For this exercise, print the listing below exactly, without its pictures.

— Exercise data —
>>>

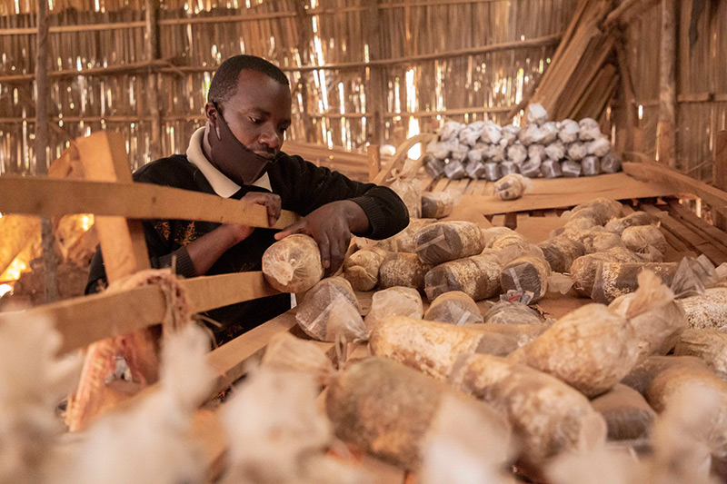 在盧旺達首都基加利的一家食用菌培育作坊,作坊主人埃馬紐埃爾·阿希馬納檢查菌袋(2020年9月9日攝)。中國福建農林大學的菌草專家2006年來到盧旺達開始菌草技術合作項目,在當地示范和推廣菌草技術。新華社發(西里爾·恩德格亞 攝)
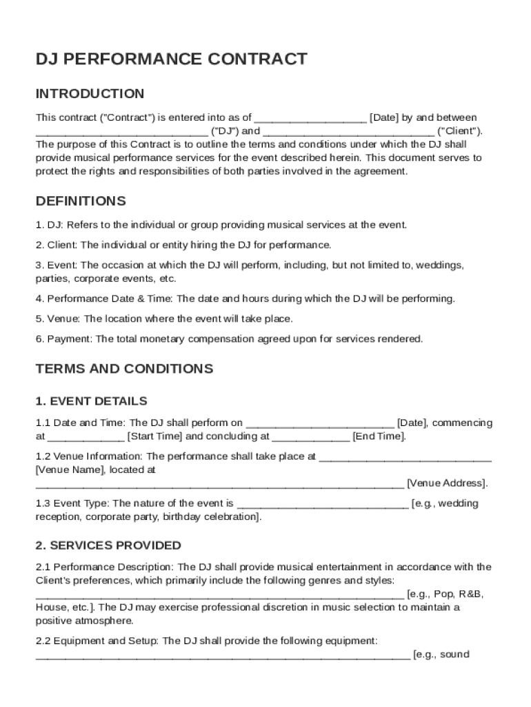 A DJ Performance Contract establishes expectations and responsibilities for both the DJ and the client. This contract not only protects both parties legally but also clarifies service provisions and terms, making it vital for successful events.
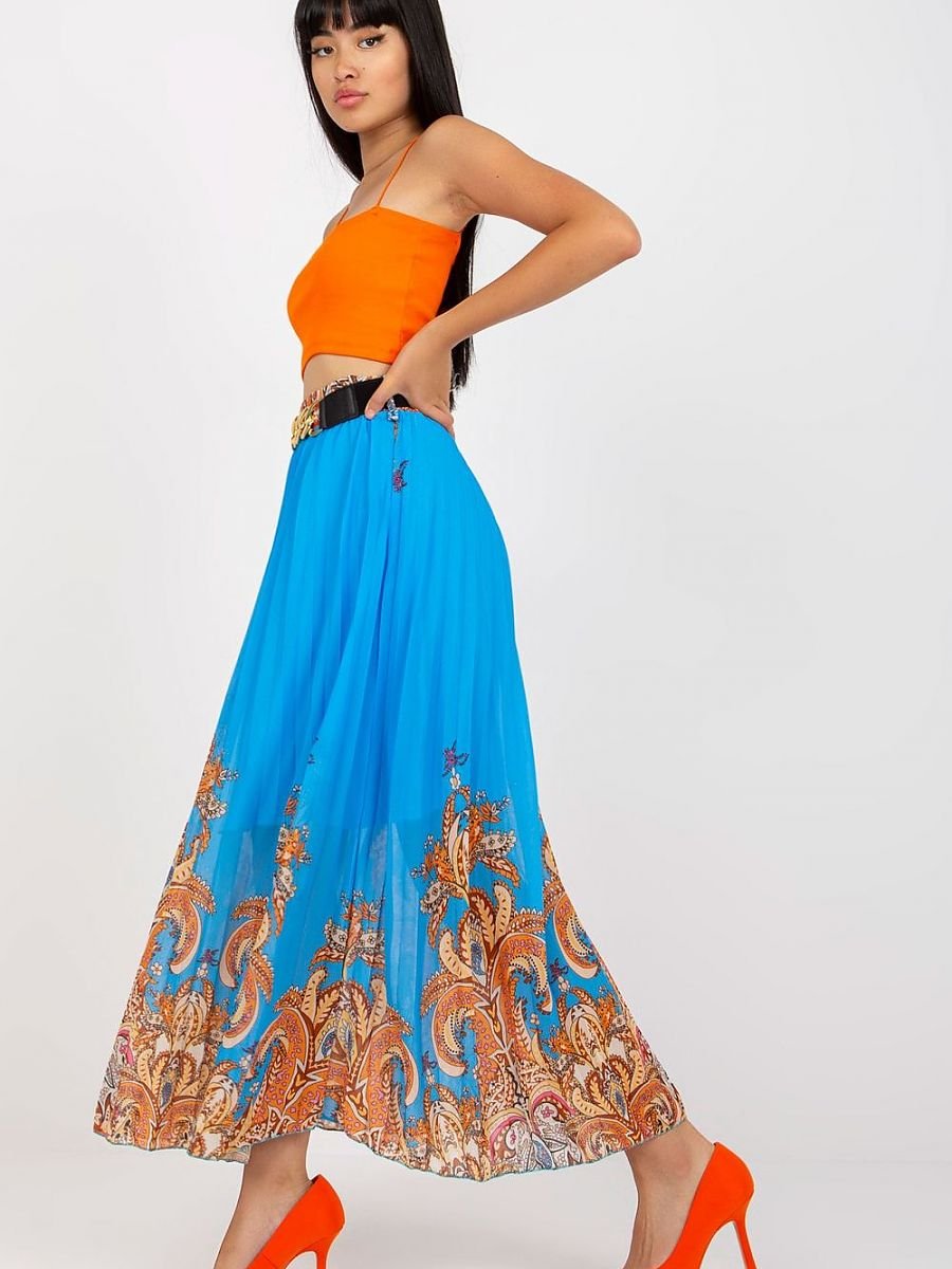Long skirt with elastic waistband, has a lining. Complete with a belt with a decorative chain. Spandex 5 % Polyester 50 %...

<<<

— Exercise result —
 在盧旺達首都基加利的一家食用菌培育作坊,作坊主人埃馬紐埃爾·阿希馬納檢查菌袋(2020年9月9日攝)。中國福建農林大學的菌草專家2006年來到盧旺達開始菌草技術合作項目,在當地示范和推廣菌草技術。新華社發(西里爾·恩德格亞 攝)
 A DJ Performance Contract establishes expectations and responsibilities for both the DJ and the client. This contract not only protects both parties legally but also clarifies service provisions and terms, making it vital for successful events.
Long skirt with elastic waistband, has a lining. Complete with a belt with a decorative chain. Spandex 5 % Polyester 50 %...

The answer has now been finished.